- _Data shown_:
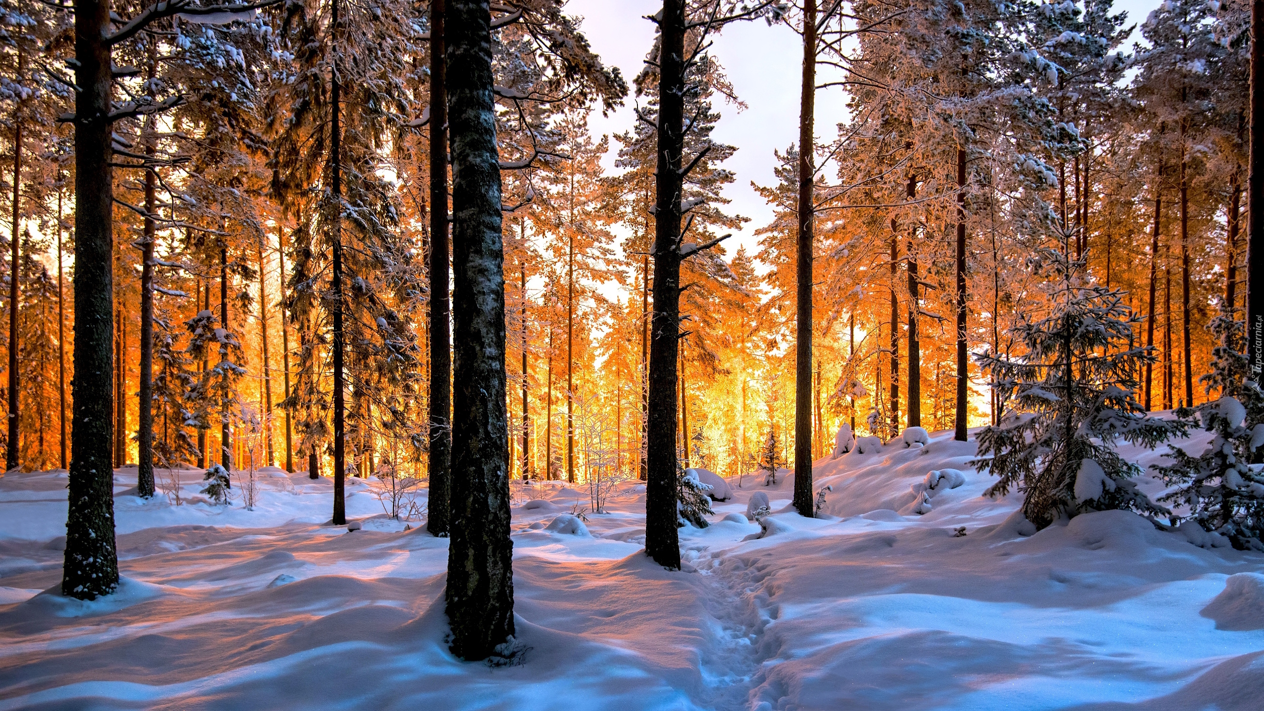 Edytor tapety: Zima w rozświetlonym słońcem lesie
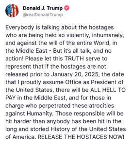 وقال ترامب في منشور عبر وسائل التواصل الاجتماعي، اليوم الاثنين: “إذا لم يتم إطلاق سراح الرهائن قبل 20 يناير 2025، وهو التاريخ الذي أتولى فيه بفخر منصب رئيس الولايات المتحدة، فسيكون هناك ثمن باهظ في الشرق الأوسط. سيدفع المسؤولون عن هذه الفظائع ضد الإنسانية الثمن الأكبر في التاريخ الطويل والحافل للولايات المتحدة الأميركية. أطلقوا سراح الرهائن الآن!”
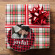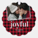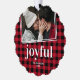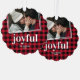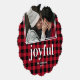 Classic christmas holiday ornament card featuring a family photo with a white contemporary 2 border design, a red & black plaid backdrop, the beautiful word "joyful" in a elegant font, your names, and year.
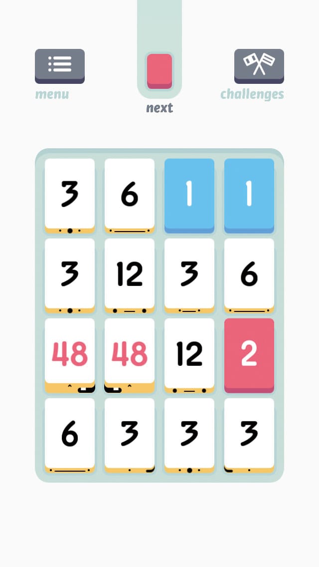 上述《Flappy Bird》於2014年初人氣大爆發,遊玩熱潮直捲世界各地,然而同期拼圖運算遊戲《Threes》亦正式面世,更以破格的遊玩方式成功吸引大眾關注。一如其名《Threes》是一款以「3」倍數作主軸的計算遊戲,玩家需要於一幅四乘四的版圖中移動版塊,如將「1」、「2」兩塊版塊結合,藉此消除不斷衍生的版塊並取得更高分數;值得一提《Threes》當年更被Apple列入年度最佳iPhone遊戲之一,盡見認受性定屬App Store其一經典作品。
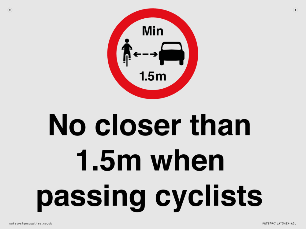 Sign Text: No closer than 1.5m when passing cyclists
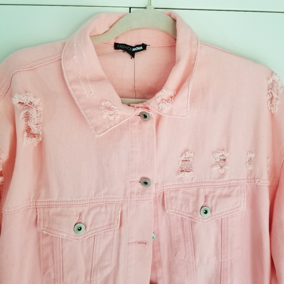 Oversized Pink distressed Jean jacket
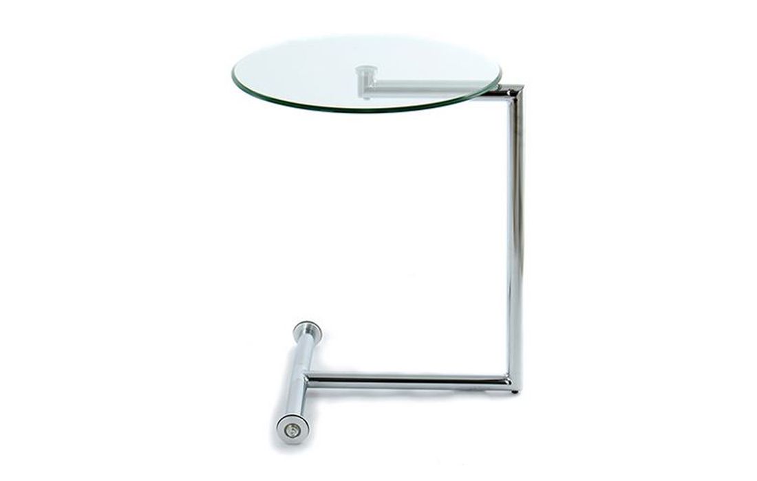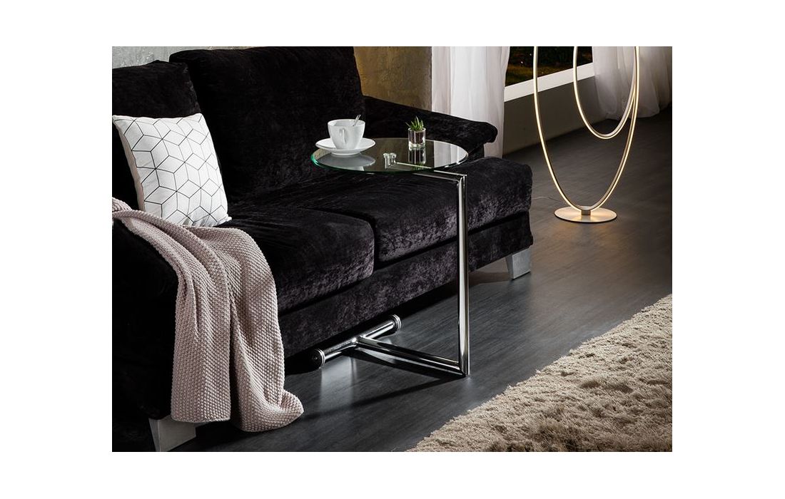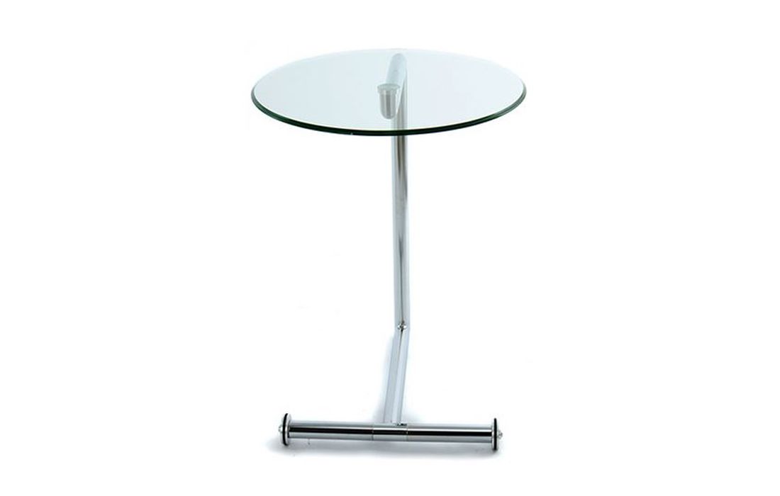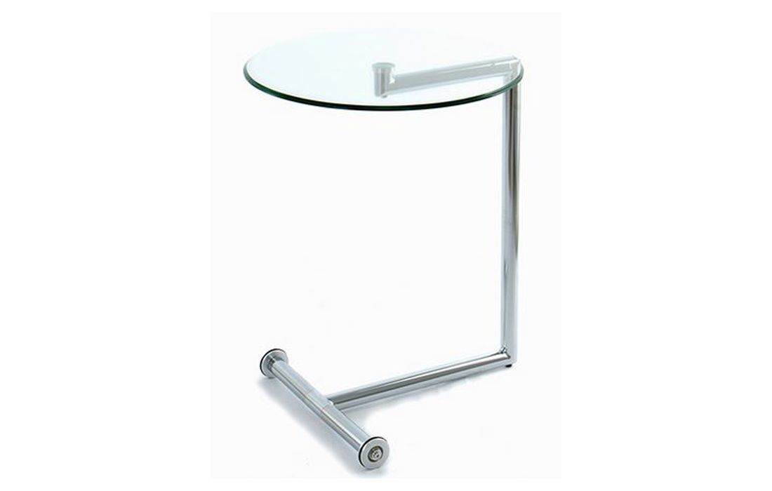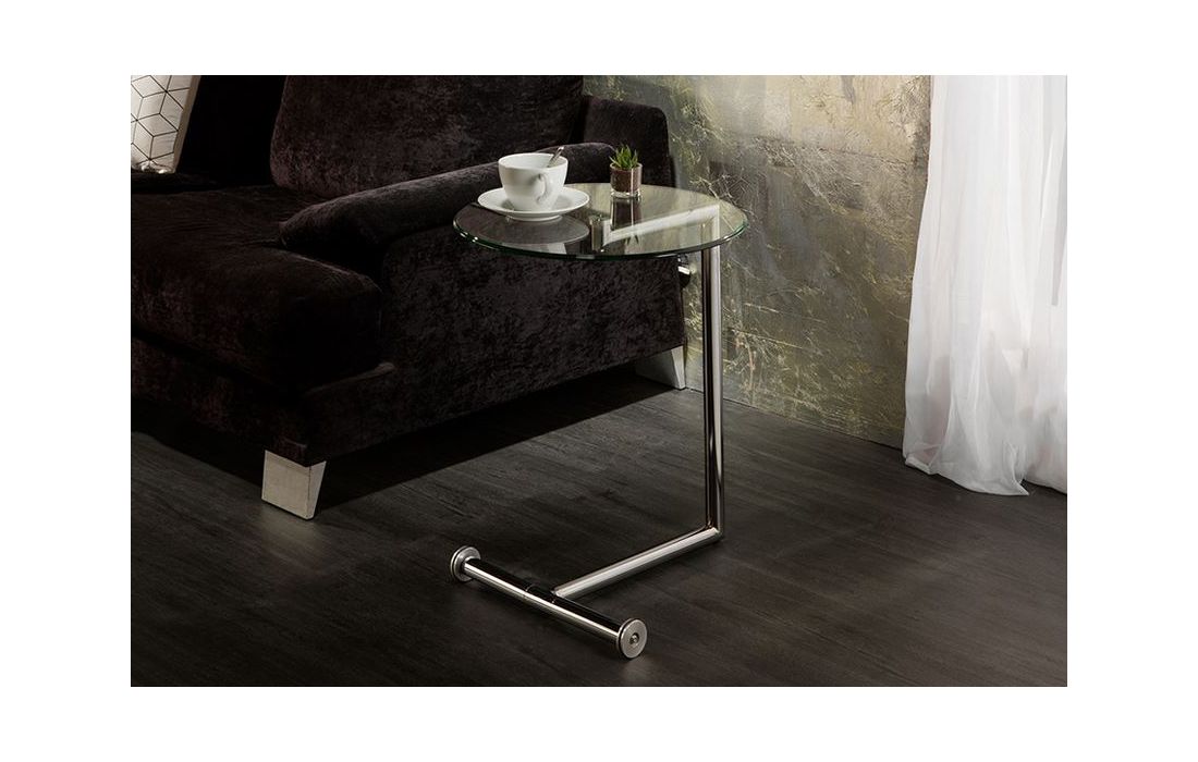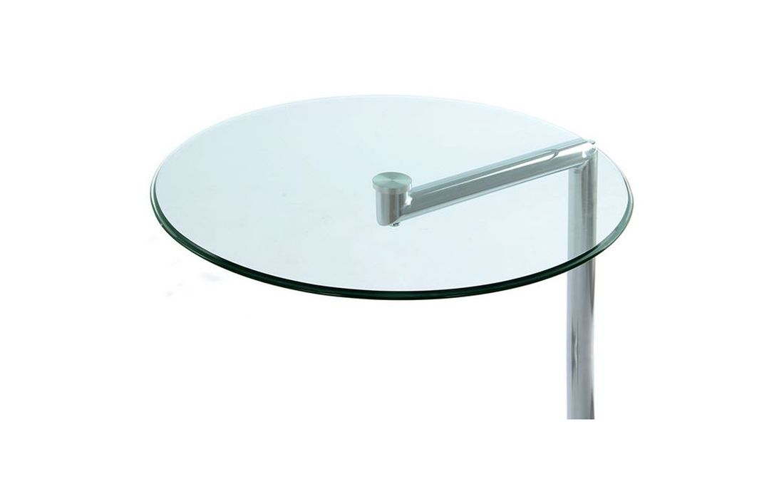Mesa de apoio redonda com rodas, em metal cromado. Tampo de vidro temperado de 8 mm.

- _Instructions for the task_:
Repeat the entries exactly, pictures left out.

- _Response to the exercise_:
 Edytor tapety: Zima w rozświetlonym słońcem lesie
 وقال ترامب في منشور عبر وسائل التواصل الاجتماعي، اليوم الاثنين: “إذا لم يتم إطلاق سراح الرهائن قبل 20 يناير 2025، وهو التاريخ الذي أتولى فيه بفخر منصب رئيس الولايات المتحدة، فسيكون هناك ثمن باهظ في الشرق الأوسط. سيدفع المسؤولون عن هذه الفظائع ضد الإنسانية الثمن الأكبر في التاريخ الطويل والحافل للولايات المتحدة الأميركية. أطلقوا سراح الرهائن الآن!”
 Classic christmas holiday ornament card featuring a family photo with a white contemporary 2 border design, a red & black plaid backdrop, the beautiful word "joyful" in a elegant font, your names, and year.
 上述《Flappy Bird》於2014年初人氣大爆發,遊玩熱潮直捲世界各地,然而同期拼圖運算遊戲《Threes》亦正式面世,更以破格的遊玩方式成功吸引大眾關注。一如其名《Threes》是一款以「3」倍數作主軸的計算遊戲,玩家需要於一幅四乘四的版圖中移動版塊,如將「1」、「2」兩塊版塊結合,藉此消除不斷衍生的版塊並取得更高分數;值得一提《Threes》當年更被Apple列入年度最佳iPhone遊戲之一,盡見認受性定屬App Store其一經典作品。
 Sign Text: No closer than 1.5m when passing cyclists
 Oversized Pink distressed Jean jacket
Mesa de apoio redonda com rodas, em metal cromado. Tampo de vidro temperado de 8 mm.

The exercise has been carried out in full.